• **PROVIDED DATA**
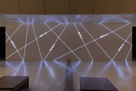 Mohammed Kazem (born 1969, Dubai) lives and works in Dubai. He has developed an artistic practice that encompasses video, photography and performance to find new ways of apprehending his environment and experiences. The foundations of his work are informed by his training as a musician, and Kazem is deeply engaged with developing processes that can render transient phenomena, such as sound and light, in tangible terms. Often positioning himself within his work, Kazem responds to geographical location, materiality and the elements as a means to assert his subjectivity, particularly in relation to the rapid pace of modernisation in the Emirates since the country’s founding.
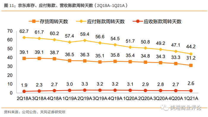 和阿里拼多多比,京东并不算真正的平台级公司,因为自营权重仍然很高。和另外两家比,把京东比作线上的沃尔玛更为贴切。也就是中国线上最大的超市。商超,考察的主要是搬运商品的效率。京东的库存周转天数、应付账款周转天数,过去十二个季度,都在持续转好。刚过去的2012年Q1,京东的库存周转天数只需31.2天!
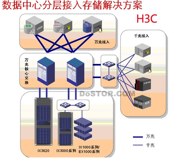 通过对IP存储的持续技术投入,H3C率先在万兆存储技术上获得了革命性的突破,推出了新一代万兆存储产品Neocean IX3620。这也是全球范围内,IP存储厂商第一次在从中端到高端全系列产品上,实现万兆端到端的整体架构。此次万兆存储产品的推出,H3C巩固了IP存储领航者地位,引领存储步入了万兆时代。

• **WORK INSTRUCTION**
The expected result is the data above in exact form, free of pictures.

• **ANSWER FOR THE TASK**
 Mohammed Kazem (born 1969, Dubai) lives and works in Dubai. He has developed an artistic practice that encompasses video, photography and performance to find new ways of apprehending his environment and experiences. The foundations of his work are informed by his training as a musician, and Kazem is deeply engaged with developing processes that can render transient phenomena, such as sound and light, in tangible terms. Often positioning himself within his work, Kazem responds to geographical location, materiality and the elements as a means to assert his subjectivity, particularly in relation to the rapid pace of modernisation in the Emirates since the country’s founding.
 和阿里拼多多比,京东并不算真正的平台级公司,因为自营权重仍然很高。和另外两家比,把京东比作线上的沃尔玛更为贴切。也就是中国线上最大的超市。商超,考察的主要是搬运商品的效率。京东的库存周转天数、应付账款周转天数,过去十二个季度,都在持续转好。刚过去的2012年Q1,京东的库存周转天数只需31.2天!
 通过对IP存储的持续技术投入,H3C率先在万兆存储技术上获得了革命性的突破,推出了新一代万兆存储产品Neocean IX3620。这也是全球范围内,IP存储厂商第一次在从中端到高端全系列产品上,实现万兆端到端的整体架构。此次万兆存储产品的推出,H3C巩固了IP存储领航者地位,引领存储步入了万兆时代。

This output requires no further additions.